La confirmation de leur valeur opérationnelle, les paras l’apportèrent eux-mêmes au cours de deux exercices qui se déroulèrent dans la deuxième moitié de l’année 1939. Aux grandes manœuvres du Sud-Est, les paras s’emparèrent du pont Mirabeau sur la Durance. Ils participèrent ensuite aux manœuvres de Normandie, où par une démonstration magistrale, les paras capturèrent un général et tout son Quartier Général. À cette occasion, ils sautèrent sous la pluie à 100 mètres d’altitude, dans des conditions météo épouvantables. Les services de renseignements assuraient qu’aucun avion de chasse ne pouvait décoller dans de telles conditions. C’était méconnaître des pilotes de bombardement et de leurs appareils, lesquels parvinrent à rouler s’élancer sur des pistes détrempées.

Dorénavant Paris ne douta plus de l’efficacité des troupes aéroportées. L’effet de surprise inhérent à ce type d’opération constituait un élément déterminant d’une bataille dont l’État-Major ne pouvait se passer. L’existence des deux Groupes d’Infanterie de l’Air étant admise, le commandement du 601° fut confié au capitaine SAUVAGNAC et basé à Reims, tandis que le capitaine LOISEAU recevait le commandement du 602°, stationné à Alger avec pour mission d’y effectuer le maintien de l’ordre. La survenue de la deuxième guerre mondiale donnera aux paras un gigantesque champ de bataille. Ils subirent des pertes au-delà du rationnel, leur bravoure et leur ténacité au combat leur valent de figurer aujourd’hui parmi les unités héroïques de ce conflit.

Philippe HERVET (P65)


Lexique :

1 – Brasse : ancienne mesure de longueur égale à l’envergure des bras d’un homme.

2 – Le sergent-chef CHAIX formera avec le colonel ROZANOFF pilote d’essais et créateur du Centre d’Expérience Aérienne Militaire de Mont de Marsan, la section des parachutistes d’essais. Il termine sa carrière avec le grade de colonel, il est officier de la Légion d’Honneur.

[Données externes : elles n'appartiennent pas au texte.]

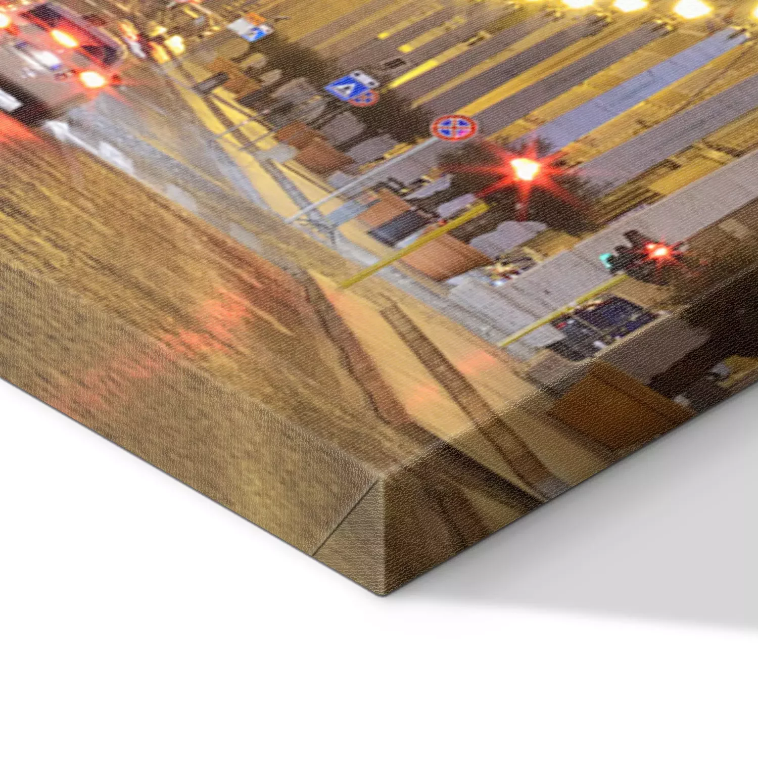 De print wordt aangebracht op hoogwaardig canvas dat op een schildersweefgetouw (spieraam) wordt gespannen. Omdat de print de zijranden bedekt, hoeft het ontwerp niet met een extra kader te worden omlijst. Wij raden ook composities aan die uit meerdere foto's bestaan en zo een coherente compositie vormen.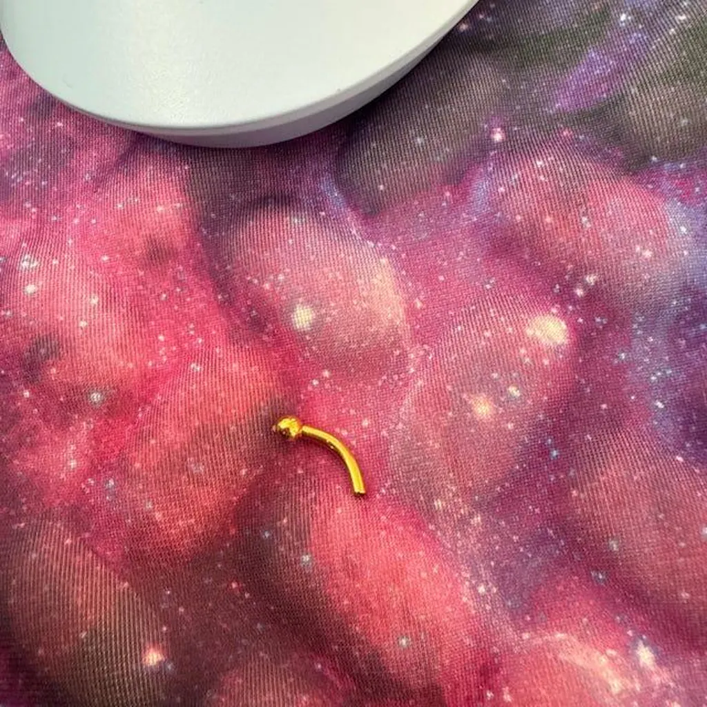 Luxurious gold titanium threadless curved barbell with one fixed ball end. Permanent gold PVD coating won't fade or tarnish. Perfect for eyebrow and navel piercings. Threadless end allows custom top changes. Implant-grade titanium is hypoallergenic and safe for sensitive skin.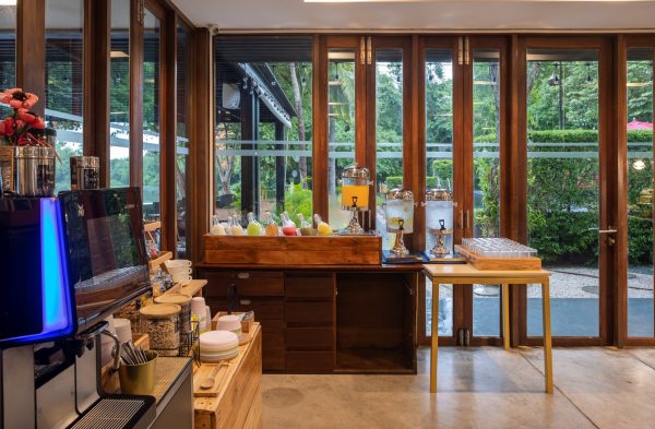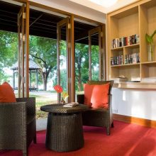 飯店附設小型的圖書室,無需預約且 24 小時開放,隨時都可以進來讀本書或是休息一下,享受在綠蔭包圍下的靜謐空間。若不想待在室內,館外還有涼亭可以待著,很適合在這邊悠閒地度過一個下午~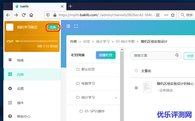 下图界面左上方的切换按钮可以切换到不同的笔记本(站点)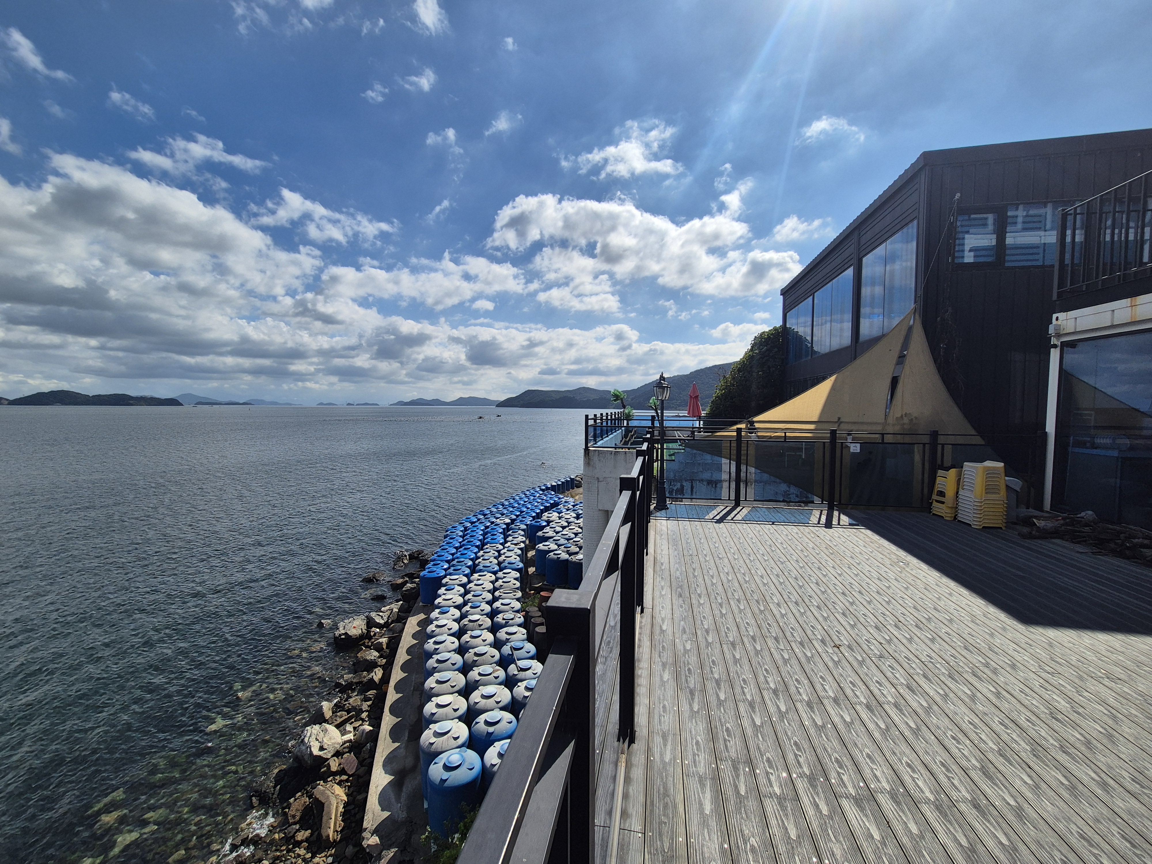 창가 자리에 앉으면 진해 바다와 멀리 보이는 섬들이 그림처럼 펼쳐지고, 바닷바람이 기분 좋게 스며듭니다.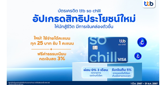 star_borderModal Upgrade PackageModal Upgrade Packageทีทีบี อัปเกรดสิทธิประโยชน์บัตรเครดิต ttb so chill ใหม่ ให้นักสู้ชีวิตมีการเงินคล่องตัวขึ้น ใช้จ่ายผ่านบัตรทุก 25 บาท รับ 1 คะแนน เริ่ม 1 มี.ค.นี้11 มี.ค. 2567 11:58 น.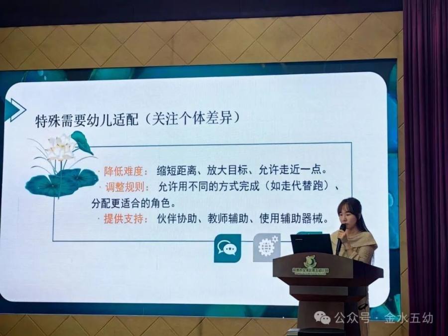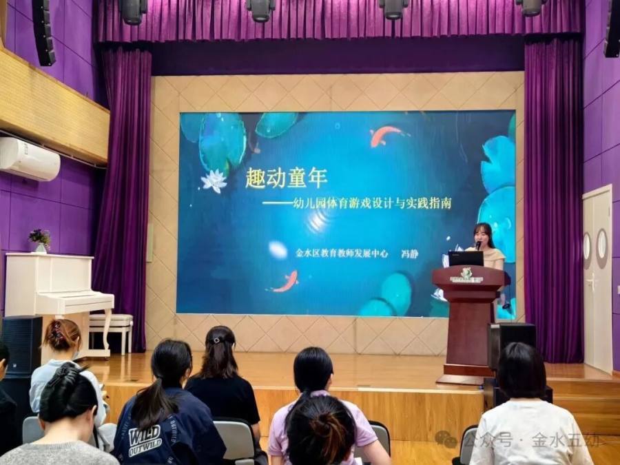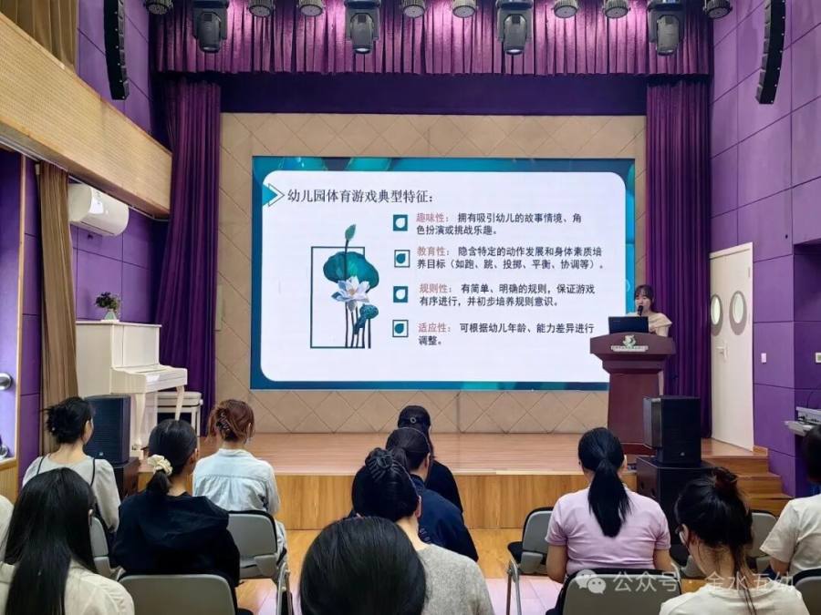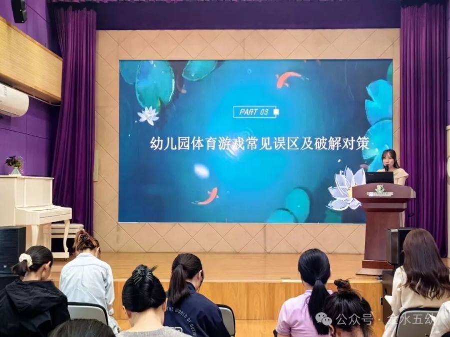 最后,王主任以“趣动童年”为题开展体育游戏专题培训,从幼儿园体育游戏“开展的现实价值”、“开展原则”、“常见误区及破解对策”、“设计策略”等五方面展开细致讲解,为新学期体育教学活动开展提供指导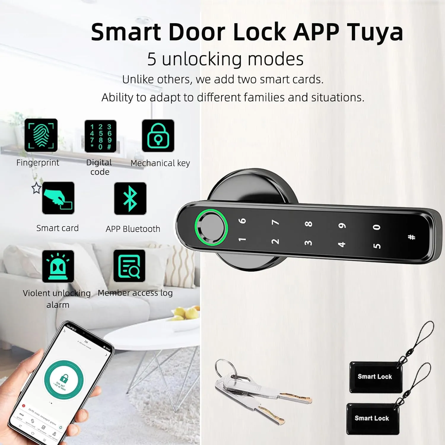 Smart Door Lock – Keyless Entry with Wireless, Password, Fingerprint, Tuya App Control, Compatible with Google Home or Alexa, Black Aluminum Alloy, Wireless & Voice Activated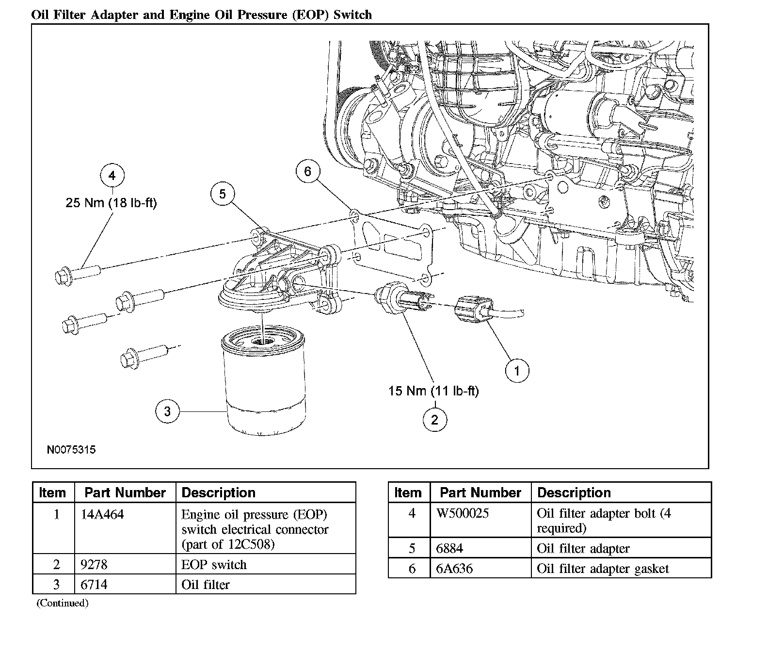 Oil Filter Adapter and Engine Oil Pressure (EOP) Switch

3 – Le lieutenant PAPIN, était pilote car à cette époque pour devenir para dans l’Armée de l’Air, il fallait avoir la qualification de navigant. Il est né le 31 juillet 1905 à Paris, il suit de hautes études d’ingénieur, d’abord à Centrale puis SUPAERO, il est breveté pilote le 22 octobre 1930. Il suit le stage para d’Avignon-Pujaut en octobre-novembre 1935. Le 21 février 1939 il est nommé moniteur parachutiste, brevet N°2, le N°1 n’est autre que le Commandant GEILLE. Il combat lors de la campagne de France en 1939, puis participe aux campagnes en Tunisie, Italie puis en France Il meurt en partant au combat en Indochine le 1 février 1946. Il donne son nom à la Base Aérienne 116 de LUXEUIL.